Two Pakistani scientists have published the results of a study that shows the decline in brain functions of dementia patients could be controlled, or slowed, with the use of virtual reality, offering new hope to sufferers of a neurological disorder that afflicts 55 million people worldwide.
Dementia, which is less a disease and more a group of related syndromes, manifests itself in a steep decline in brain functions. The condition destroys memories and personalities, robbing families of their loved ones and sapping patience and finances. With populations aging, the number of patients worldwide is projected to rise to 78 million by 2030 and 139 million by 2050, the World Health Organization said in a report this month.
There is no known cure for dementia and the focus of therapy has largely remained on slowing its progression. Now, in a study published in the Brain Sciences journal last month, Pakistani neuroscientist Dr. Ali Jawaid and computer scientist Dr. Suleman Shahid have demonstrated how virtual reality could help those living with dementia cope with their condition.
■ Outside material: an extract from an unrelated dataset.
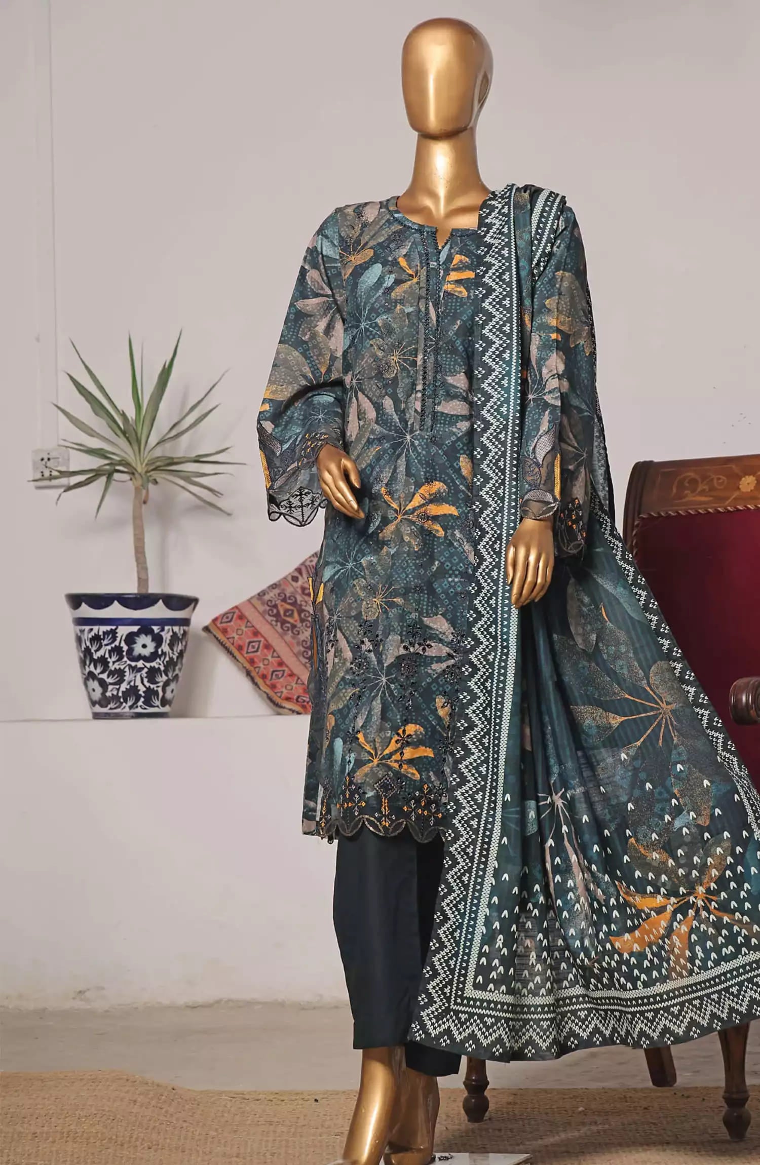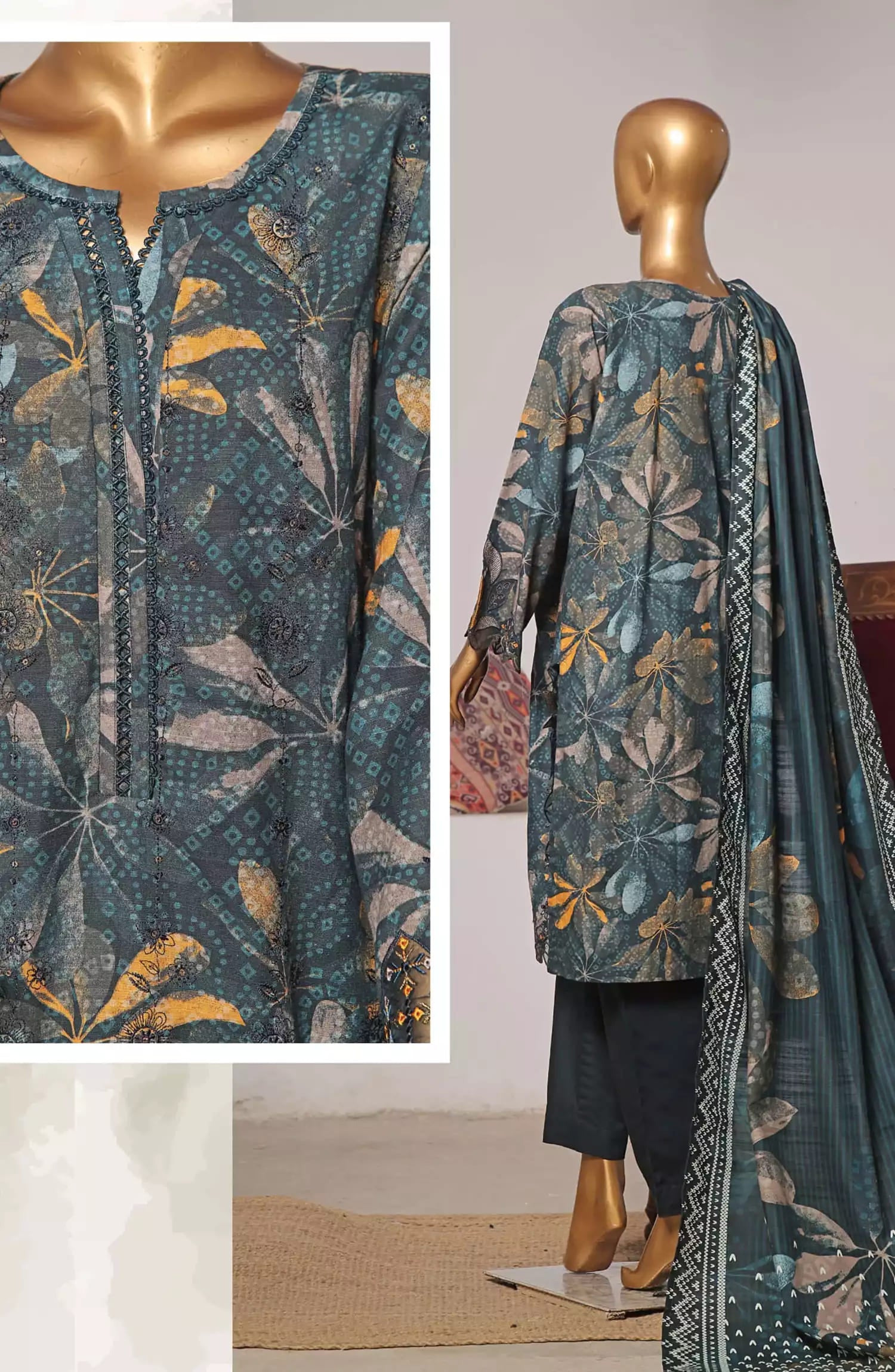 Bin Saeed Exclusive RTW Chikankari Embroidered Khaddar Collection Vol 05 has been styled in the image for photography and illustrative purposes.

“Usually, dementia patients progressively deteriorate in cognitive functions, but what we assessed was that during the whole study, which was more than six months, there was no deterioration,” Jawaid told Arab News in a recent interview in Warsaw, Poland, where he leads neuropsychiatric disorders research at the BRAINCITY center at the Nencki Institute of Experimental Biology.
His collaborator Shahid directs the Computer Human Interaction and Social Experience Lab at the Lahore University of Management Sciences in Pakistan.
At the core of the two scientists’ latest work is using virtual reality for ‘environmental enrichment,’ a term used to describe changing a person’s surroundings to make them more complex, dynamic and challenging in order to stimulate the brain. Research on animals has variously found that environmental enrichment could aid the treatment and recovery of brain-related dysfunctions, including Alzheimer’s disease and others related to aging.
“In animals, we have discovered that environmental enrichment is one of the strongest protector factors against cognitive impairment induced by aging,” Jawaid said. “The challenge was how to bring this environmental enrichment to humans.”
Exercise and brain quizzes could work, he said, but were “stressful” and hardly ever engaging enough for dementia patients to do them regularly or for long periods of time.
What Jawaid and Shahid did instead was immerse their study’s participants, all with mild dementia, in virtual environments depicting real-world landmarks familiar to them. As all the study participants were Pakistani, the three environments used were the Great Wall of China, the Grand Mosque in Makkah, and the pyramids of Egypt.
In each of the virtual worlds, the patients had to perform tasks designed to stimulate different domains impaired in dementia, such as short-term memory, attention, navigation, motor coordination or decision making.